Somebody With a Little Hammer, Mary Gaitskill

Fiction writer Mary Gaitskill dives headfirst into cultural criticism in this collection of essays, which cover topics from poetry to politics to porn. Whether she’s writing about Bjork or Hillary Clinton, she takes her subjects apart and puts them back together so deftly that you’ll never look at them the same way again.

Spoiler Alert: The Hero Dies, Michael Ausiello

Imagine if your partner of nearly 13 years was diagnosed with cancer on the day of your wedding, and lived for less than a year after that. If you’re not already in tears, you will be after reading TV journalist Michael Ausiello’s memoir about love and death.

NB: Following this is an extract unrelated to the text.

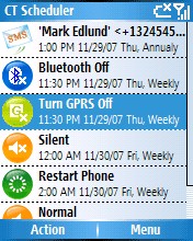 Компания Connective Tools выпустила версию 2.0 приложения CT Scheduler. Оно предназначено для смартфонов под управлением операционной системы Windows Mobile 5 и 6. Эта полезная утилита позволит автоматизировать некоторые телефонные функции смартфона. Например, среди возможностей CT Scheduler - отправка SMS, переключение профилей, включение и отключение Bluetooth, Режима Полета (Flight Mode), переадресация вызовов и даже перезагрузка и выключение телефона в заданное время. Программу можно настроить по своему усмотрению и она будет производить необходимые действия самостоятельно, без помощи пользователя. В приложении удобно просматривать, редактировать, создавать и удалять события. В свою очередь, множество настроек, включая пиктограммы, фильтры, сортировку и т. д., позволяют легко организовывать список событий. Стоимость CT Scheduler 2.0 составляет 9,75$. Демо-версию программы, как обычно, вскоре можно будет найти в разделе "Программы для КПК" на HPC.ru.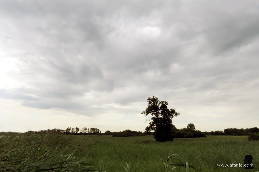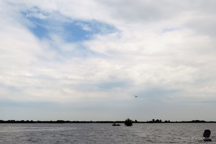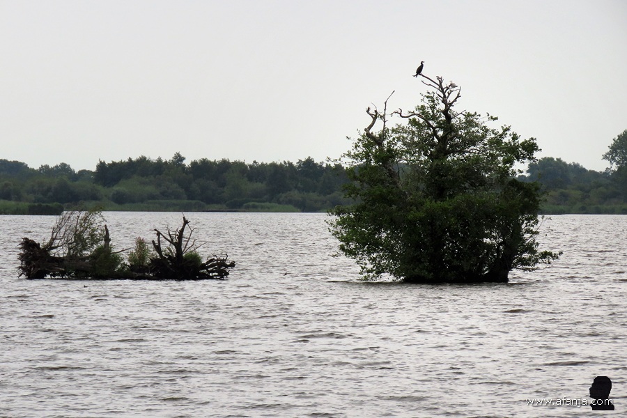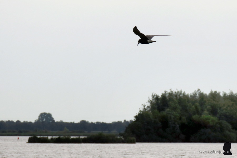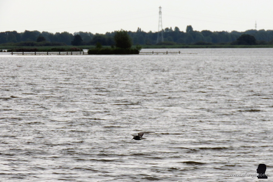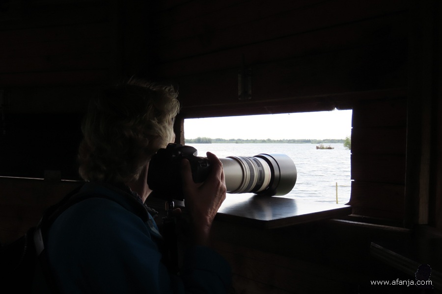 Om even wat uit te waaien, besloten we weer even een kijkje te nemen bij de vogelkijkhut ‘de Blaustirns’ bij de Leijen. Misschien hadden we ditmaal wat meer geluk dan de vorige keer, toen het vooral grijs en winderig was. Het was er opnieuw rustig, er waren alleen veel muggen of vliegjes in de lucht, die met graagte werden gevangen door laag over het water scherende zwaluwen. Zelfs op het uiteengevallen boomeilandje was verder geen vogel te zien …

Read our interview with Michael Ausiello.

Sunshine State, Sarah Gerard

Sarah Gerard’s book of essays is an encomium to all things Florida, from seabirds to sex to Amway sellers. While plumbing the mysteries of her home state, Gerard also investigates her personal history, including her childhood best friend, her teenage drug habit, and her parents’ involvement in a fringe religion.

Read our review of Sunshine State.

Read our interview with Sarah Gerard.

They Can’t Kill Us Until They Kill Us, Hanif Abdurraqib

These essays are about music, but they’re also about politics and personal history. Poet and journalist Hanif Abdurraqib juxtaposes Bruce Springsteen with Michael Brown and Harriet Tubman with N.W.A. to draw broad conclusions about society and culture.

Read our interview with Hanif Abdurraqib.

We Were Eight Years in Power, Ta-Nehisi Coates

If you’re mourning the Obama years and need someone to help you make sense of what happened, you couldn’t have a better tutor than Ta-Nehisi Coates. His incisive analysis helps illuminate what’s gone wrong in this country, not just in the last year but in our history. You probably won’t feel any better after reading this, but you’ll see with clearer eyes.